Once you find the line with "une nuit étoilée.", output it and every line after it exactly, through the last line of the listing, but no pictures.

* Provided information
════════════════════

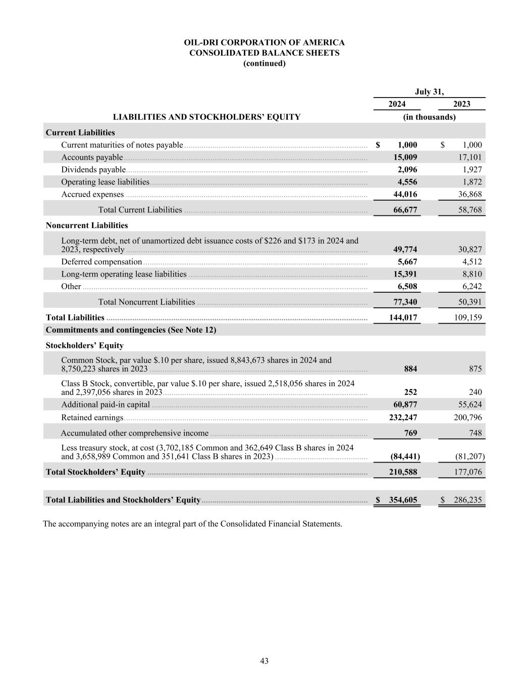 OIL-DRI CORPORATION OF AMERICA CONSOLIDATED BALANCE SHEETS (continued) July 31, 2024 2023 LIABILITIES AND STOCKHOLDERS’ EQUITY (in thousands) Current Liabilities Current maturities of notes payable ..................................................................................... $ 1,000 $ 1,000 Accounts payable ................................................................................................................. 15,009 17,101 Dividends payable ................................................................................................................ 2,096 1,927 Operating lease liabilities ..................................................................................................... 4,556 1,872 Accrued expenses ................................................................................................................ 44,016 36,868 Total Current Liabilities ..................................................................................... 66,677 58,768 Noncurrent Liabilities Long-term debt, net of unamortized debt issuance costs of $226 and $173 in 2024 and 2023, respectively ................................................................................................................ 49,774 30,827 Deferred compensation ........................................................................................................ 5,667 4,512 Long-term operating lease liabilities ................................................................................... 15,391 8,810 Other .................................................................................................................................... 6,508 6,242 Total Noncurrent Liabilities ............................................................................... 77,340 50,391 Total Liabilities ......................................................................................................................... 144,017 109,159 Commitments and contingencies (See Note 12) Stockholders’ Equity Common Stock, par value $.10 per share, issued 8,843,673 shares in 2024 and 8,750,223 shares in 2023 ..................................................................................................... 884 875 Class B Stock, convertible, par value $.10 per share, issued 2,518,056 shares in 2024 and 2,397,056 shares in 2023 ............................................................................................... 252 240 Additional paid-in capital .................................................................................................... 60,877 55,624 Retained earnings ................................................................................................................. 232,247 200,796 Accumulated other comprehensive income ......................................................................... 769 748 Less treasury stock, at cost (3,702,185 Common and 362,649 Class B shares in 2024 and 3,658,989 Common and 351,641 Class B shares in 2023) ........................................... (84,441) (81,207) Total Stockholders’ Equity ...................................................................................................... 210,588 177,076 Total Liabilities and Stockholders’ Equity ............................................................................. $ 354,605 $ 286,235 The accompanying notes are an integral part of the Consolidated Financial Statements. 43
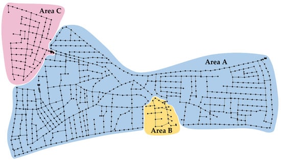 L-Town is a benchmark WDN of a small hypothetical town, modelled in EPANET. The system is supplied by two sources, namely reservoirs R1 and R2, and distributes water to approximately 10,000 people through a pipe network of 42.6 km. The consumers’ profiles include residential, commercial, and industrial uses, resulting in a typical distribution during the weekdays and higher consumption during nighttime for the weekend for areas with residential and commercial uses. The system is divided into three supply areas, as shown in Figure 1, with area “C” characterized by the highest elevation and area “B” by the lowest.
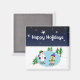 Dites "joyeuses fêtes" avec ce mignon bonhomme de neige et ami patinage sur un étang une nuit étoilée.
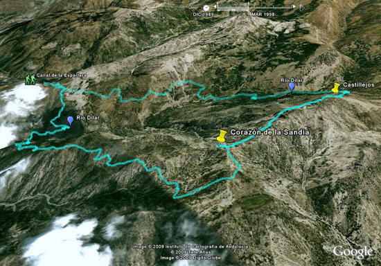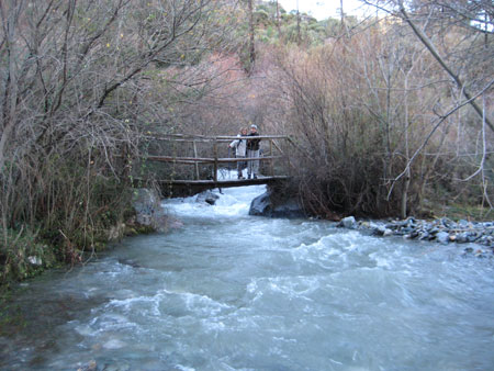 El río Dílar iba con mucho caudal después de las últimas lluvias. Tuvimos que cruzar el río a pelo, el agua nos cubría toda la pierna y nos arrastraba. Con apuros conseguimos cruzarlo.
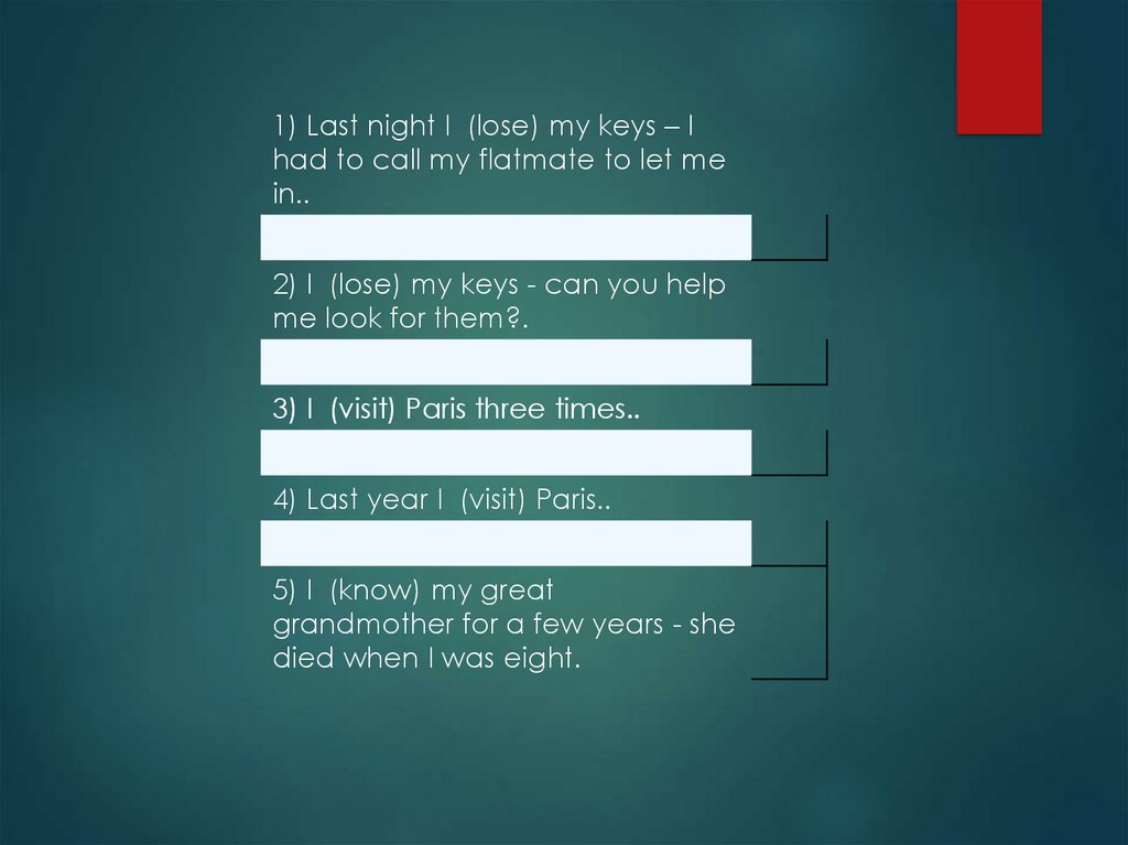 1) Last night I (lose) my keys – Ihad to call my flatmate to let me

════════════════════

* Task result
 Dites "joyeuses fêtes" avec ce mignon bonhomme de neige et ami patinage sur un étang une nuit étoilée.
 El río Dílar iba con mucho caudal después de las últimas lluvias. Tuvimos que cruzar el río a pelo, el agua nos cubría toda la pierna y nos arrastraba. Con apuros conseguimos cruzarlo.
 1) Last night I (lose) my keys – Ihad to call my flatmate to let me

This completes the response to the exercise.